--- Task item ---
When you reach the entries, transcribe each one exactly.

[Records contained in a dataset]
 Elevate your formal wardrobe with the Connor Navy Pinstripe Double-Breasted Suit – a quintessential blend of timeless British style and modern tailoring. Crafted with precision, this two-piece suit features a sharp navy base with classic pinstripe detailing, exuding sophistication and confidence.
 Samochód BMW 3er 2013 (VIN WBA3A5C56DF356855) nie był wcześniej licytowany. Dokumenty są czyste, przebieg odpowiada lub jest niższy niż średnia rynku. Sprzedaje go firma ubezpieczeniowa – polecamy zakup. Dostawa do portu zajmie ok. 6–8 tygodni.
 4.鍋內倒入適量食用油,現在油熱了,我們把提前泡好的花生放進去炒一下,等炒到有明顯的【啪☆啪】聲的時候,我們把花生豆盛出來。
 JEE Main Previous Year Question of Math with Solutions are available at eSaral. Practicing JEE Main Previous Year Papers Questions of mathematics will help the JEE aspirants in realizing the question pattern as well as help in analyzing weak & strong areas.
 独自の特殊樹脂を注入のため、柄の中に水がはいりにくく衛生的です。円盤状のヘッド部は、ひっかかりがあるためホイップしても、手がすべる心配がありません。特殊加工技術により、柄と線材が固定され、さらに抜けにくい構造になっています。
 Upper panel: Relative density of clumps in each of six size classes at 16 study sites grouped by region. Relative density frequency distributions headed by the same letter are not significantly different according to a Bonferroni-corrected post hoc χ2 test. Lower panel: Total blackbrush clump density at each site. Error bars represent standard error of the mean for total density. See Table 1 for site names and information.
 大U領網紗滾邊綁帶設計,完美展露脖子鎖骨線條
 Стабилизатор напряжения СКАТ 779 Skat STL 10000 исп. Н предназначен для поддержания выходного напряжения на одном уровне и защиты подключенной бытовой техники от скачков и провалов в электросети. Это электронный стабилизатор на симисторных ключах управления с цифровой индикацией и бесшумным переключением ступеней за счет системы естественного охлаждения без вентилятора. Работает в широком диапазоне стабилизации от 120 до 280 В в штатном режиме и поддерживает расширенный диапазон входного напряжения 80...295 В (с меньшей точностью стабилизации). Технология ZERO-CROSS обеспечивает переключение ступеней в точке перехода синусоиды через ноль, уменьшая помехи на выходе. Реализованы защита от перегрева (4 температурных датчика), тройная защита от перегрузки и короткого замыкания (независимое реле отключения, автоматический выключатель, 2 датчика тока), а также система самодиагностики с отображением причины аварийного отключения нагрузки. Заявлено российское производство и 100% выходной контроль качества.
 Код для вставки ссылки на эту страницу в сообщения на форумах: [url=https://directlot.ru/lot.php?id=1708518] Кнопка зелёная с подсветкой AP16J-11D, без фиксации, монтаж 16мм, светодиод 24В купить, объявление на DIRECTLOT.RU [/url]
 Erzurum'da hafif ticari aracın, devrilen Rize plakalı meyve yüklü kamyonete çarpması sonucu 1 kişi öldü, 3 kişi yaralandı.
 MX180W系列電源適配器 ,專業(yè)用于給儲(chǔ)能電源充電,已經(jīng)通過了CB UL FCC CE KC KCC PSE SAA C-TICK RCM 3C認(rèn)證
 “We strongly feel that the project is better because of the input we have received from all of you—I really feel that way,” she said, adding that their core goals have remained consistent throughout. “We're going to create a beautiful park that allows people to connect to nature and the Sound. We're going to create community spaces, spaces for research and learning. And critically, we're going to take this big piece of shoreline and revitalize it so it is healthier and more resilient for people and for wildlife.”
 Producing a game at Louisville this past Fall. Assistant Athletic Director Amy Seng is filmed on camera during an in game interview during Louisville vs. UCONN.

--- Answer for the task ---
 Elevate your formal wardrobe with the Connor Navy Pinstripe Double-Breasted Suit – a quintessential blend of timeless British style and modern tailoring. Crafted with precision, this two-piece suit features a sharp navy base with classic pinstripe detailing, exuding sophistication and confidence.
 Samochód BMW 3er 2013 (VIN WBA3A5C56DF356855) nie był wcześniej licytowany. Dokumenty są czyste, przebieg odpowiada lub jest niższy niż średnia rynku. Sprzedaje go firma ubezpieczeniowa – polecamy zakup. Dostawa do portu zajmie ok. 6–8 tygodni.
 4.鍋內倒入適量食用油,現在油熱了,我們把提前泡好的花生放進去炒一下,等炒到有明顯的【啪☆啪】聲的時候,我們把花生豆盛出來。
 JEE Main Previous Year Question of Math with Solutions are available at eSaral. Practicing JEE Main Previous Year Papers Questions of mathematics will help the JEE aspirants in realizing the question pattern as well as help in analyzing weak & strong areas.
 独自の特殊樹脂を注入のため、柄の中に水がはいりにくく衛生的です。円盤状のヘッド部は、ひっかかりがあるためホイップしても、手がすべる心配がありません。特殊加工技術により、柄と線材が固定され、さらに抜けにくい構造になっています。
 Upper panel: Relative density of clumps in each of six size classes at 16 study sites grouped by region. Relative density frequency distributions headed by the same letter are not significantly different according to a Bonferroni-corrected post hoc χ2 test. Lower panel: Total blackbrush clump density at each site. Error bars represent standard error of the mean for total density. See Table 1 for site names and information.
 大U領網紗滾邊綁帶設計,完美展露脖子鎖骨線條
 Стабилизатор напряжения СКАТ 779 Skat STL 10000 исп. Н предназначен для поддержания выходного напряжения на одном уровне и защиты подключенной бытовой техники от скачков и провалов в электросети. Это электронный стабилизатор на симисторных ключах управления с цифровой индикацией и бесшумным переключением ступеней за счет системы естественного охлаждения без вентилятора. Работает в широком диапазоне стабилизации от 120 до 280 В в штатном режиме и поддерживает расширенный диапазон входного напряжения 80...295 В (с меньшей точностью стабилизации). Технология ZERO-CROSS обеспечивает переключение ступеней в точке перехода синусоиды через ноль, уменьшая помехи на выходе. Реализованы защита от перегрева (4 температурных датчика), тройная защита от перегрузки и короткого замыкания (независимое реле отключения, автоматический выключатель, 2 датчика тока), а также система самодиагностики с отображением причины аварийного отключения нагрузки. Заявлено российское производство и 100% выходной контроль качества.
 Код для вставки ссылки на эту страницу в сообщения на форумах: [url=https://directlot.ru/lot.php?id=1708518] Кнопка зелёная с подсветкой AP16J-11D, без фиксации, монтаж 16мм, светодиод 24В купить, объявление на DIRECTLOT.RU [/url]
 Erzurum'da hafif ticari aracın, devrilen Rize plakalı meyve yüklü kamyonete çarpması sonucu 1 kişi öldü, 3 kişi yaralandı.
 MX180W系列電源適配器 ,專業(yè)用于給儲(chǔ)能電源充電,已經(jīng)通過了CB UL FCC CE KC KCC PSE SAA C-TICK RCM 3C認(rèn)證
 “We strongly feel that the project is better because of the input we have received from all of you—I really feel that way,” she said, adding that their core goals have remained consistent throughout. “We're going to create a beautiful park that allows people to connect to nature and the Sound. We're going to create community spaces, spaces for research and learning. And critically, we're going to take this big piece of shoreline and revitalize it so it is healthier and more resilient for people and for wildlife.”
 Producing a game at Louisville this past Fall. Assistant Athletic Director Amy Seng is filmed on camera during an in game interview during Louisville vs. UCONN.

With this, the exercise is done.